Peu avant l'investiture, Washington a indiqué qu'il ne reconnaîtrait pas « l'investiture illégitime de la dictature Maduro ». « Nous continuerons d'augmenter la pression sur ce régime corrompu, de soutenir l'Assemblée nationale démocratique et d'appeler à la liberté et la démocratie au Venezuela », a tweeté le conseiller à la sécurité nationale, John Bolton.

L'UE a dénoncé un mandat issu d'« élections non démocratiques » et a menacé de prendre des « mesures appropriées » en cas de nouvelles atteintes à l'État de droit, tandis que l'Organisation des États américains (OEA), en session extraordinaire à Washington, a déclaré « illégitime » le gouvernement du pays sud-américain.

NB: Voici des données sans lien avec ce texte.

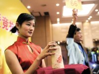 昨天下午,一批收藏級茅臺酒第一次在廣州公開拍賣。當中一套81瓶的世博全套(包括和平使者)茅臺酒以285萬元落槌。相比北方市場的火爆,理性的廣州人在茅臺拍場上并不冒進。
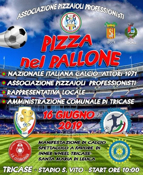 Domenica 16 giugno dalle ore 10 si svolgerà presso lo stadio di via Olimpica Pizza nel Pallone, manifestazione di calcio e di beneficenza il cui ricavato sarà devoluto all’associazione Inner Wheel Club Tricase-S.M-di Leuca.
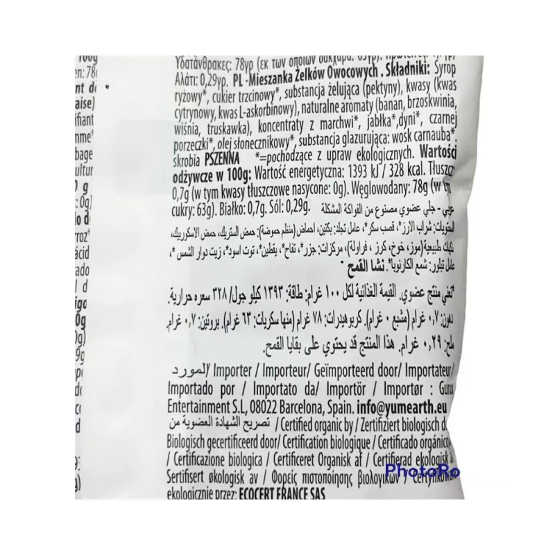 شراب أرز عضوي ، شراب سكر عضوي ، بكتين ، حمض الستريك ، حمض الأسكوربيك ، نكهات طبيعية ، لون مركز عضوي (تفاح ، جزر ، قرع ، كشمش أسود) ، زيت دوار الشمس العضوي ، شمع كرنوبا عضوي.
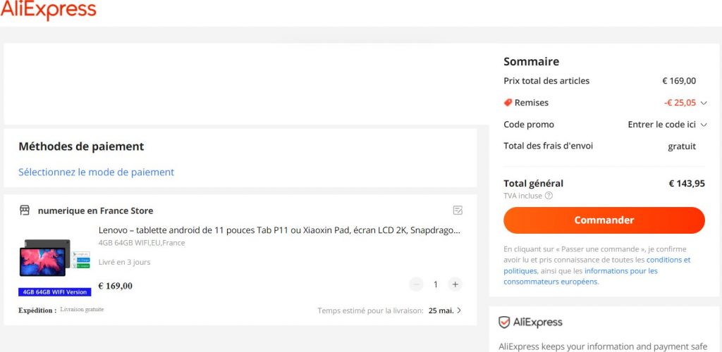 Affichée à 159€ pour la version 4/64 et 189€ pour la version 6/128go par un vendeur , il y a un coupon vendeur qui donne 20€ de réduction avec le code promo « FRDETE020 » Au final la LENOVO TAB P11 ne coutera donc que 139€ en 4/64 et 169€ pour la version 6/128go
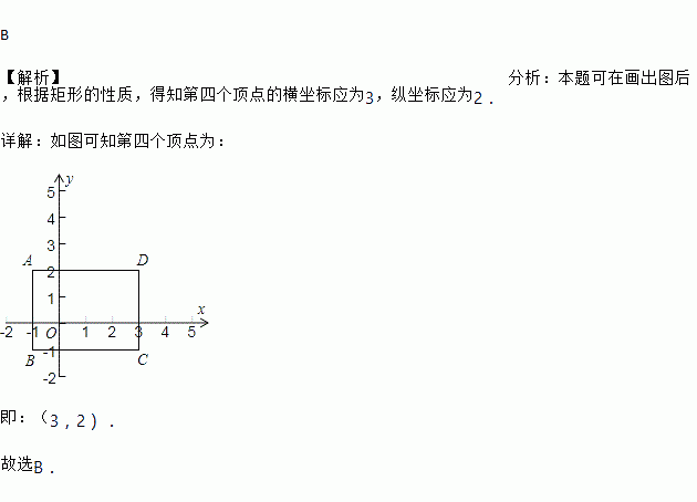 在平面直角坐标系中,一个矩形三个顶点的坐标分别为(-1,-1),(-1,2),(3,-1),则第四个顶点的坐标为( )
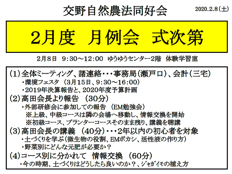 - 交野自然農法同好会 2月度 活動報告(2月8日)
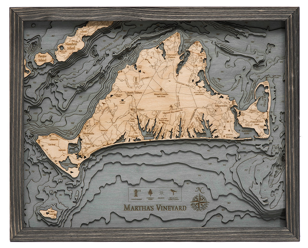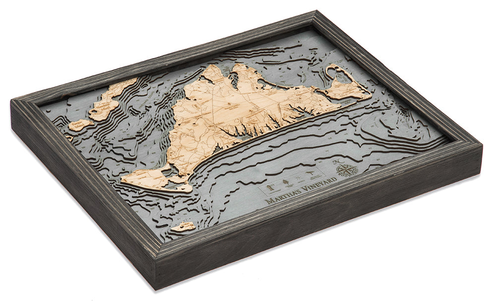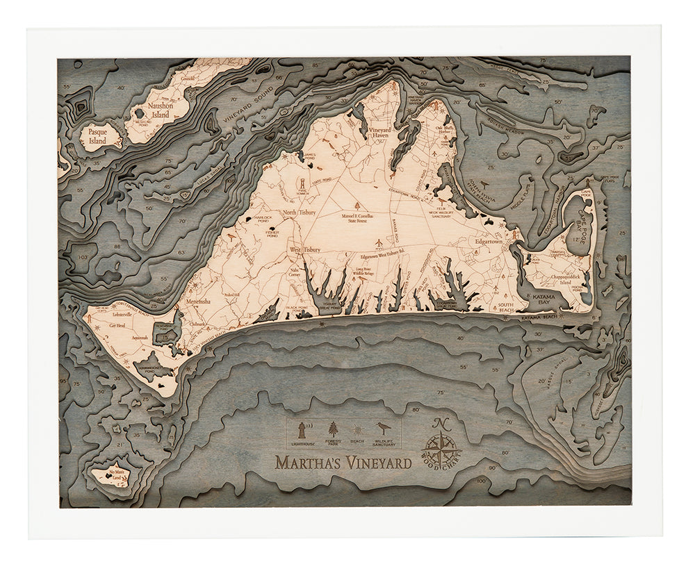 Martha's Vineyard, Massachusetts 3-D Nautical Wood Chart, Small, 16" x 20"
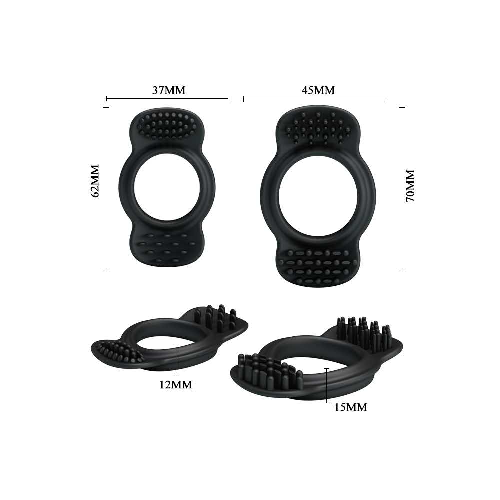 Spójrz na część i daj jej to, czego chce, dzięki temu fantastycznemu zestawowi czarnych pierścieni na penisa. Dwa różne wzory w każdym opakowaniu i bardzo rozciągliwe. Noś pojedynczo lub wszystkie razem, aby uzyskać maksymalną wydajność. Wykonany z silikonu, który jest bezpieczny dla skóry, ponieważ nie zawiera lateksu ani ftalanów. Wysokiej jakości pierścienie na penisa zapewniające mocne i długotrwałe erekcje – ten zestaw przetrwa lata.
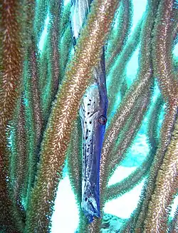 | Trumpetfish (Aulostomus maculatus) hiding in a colony of Pseudoplexaura sp. | |
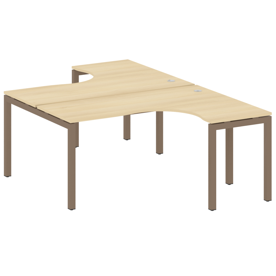 Столешницы имеют отверстия с пластиковыми заглушками кабель-канала серого цвета.

M. Maduro a réagi dans son discours d'investiture.  

« Le Venezuela est au centre d'une guerre mondiale de l'impérialisme nord-américain et de ses gouvernements satellites », a déclaré le dirigeant socialiste, qualifiant son mandat de « légitime ».

« Respectez le Venezuela ou l'histoire vous fera payer cette dette le plus tôt possible », a-t-il lancé aux Européens, les accusant de ranimer leur « vieux colonialisme ».

La semaine dernière, à l'exception du Mexique, les pays du Groupe de Lima - 14 pays d'Amérique latine et le Canada - ont appelé Nicolas Maduro à renoncer à son mandat. Dès jeudi, le Paraguay, membre du Groupe, a annoncé rompre ses relations diplomatiques avec Caracas.

Selon la Constitution, le chef de l'État aurait dû prêter serment devant le Parlement, mais celui-ci est la seule institution contrôlée par l'opposition. L'investiture a finalement eu lieu devant le TSJ, fidèle au régime, en présence des présidents de la Bolivie, de Cuba, du Salvador, du Nicaragua et des représentants de pays alliés comme la Chine, la Russie et la Turquie.  

« Agonie »

Héritier politique de l'ex-président Hugo Chávez (1999-2013), l'ancien chauffeur de bus gouverne d'une main de fer, appuyé par une Assemblée constituante composée de fidèles du régime, et soutenue par les militaires.  

Après son investiture, ces derniers lui ont réaffirmé leur « loyauté et soumission absolue » lors d'une parade rassemblant 4900 soldats.  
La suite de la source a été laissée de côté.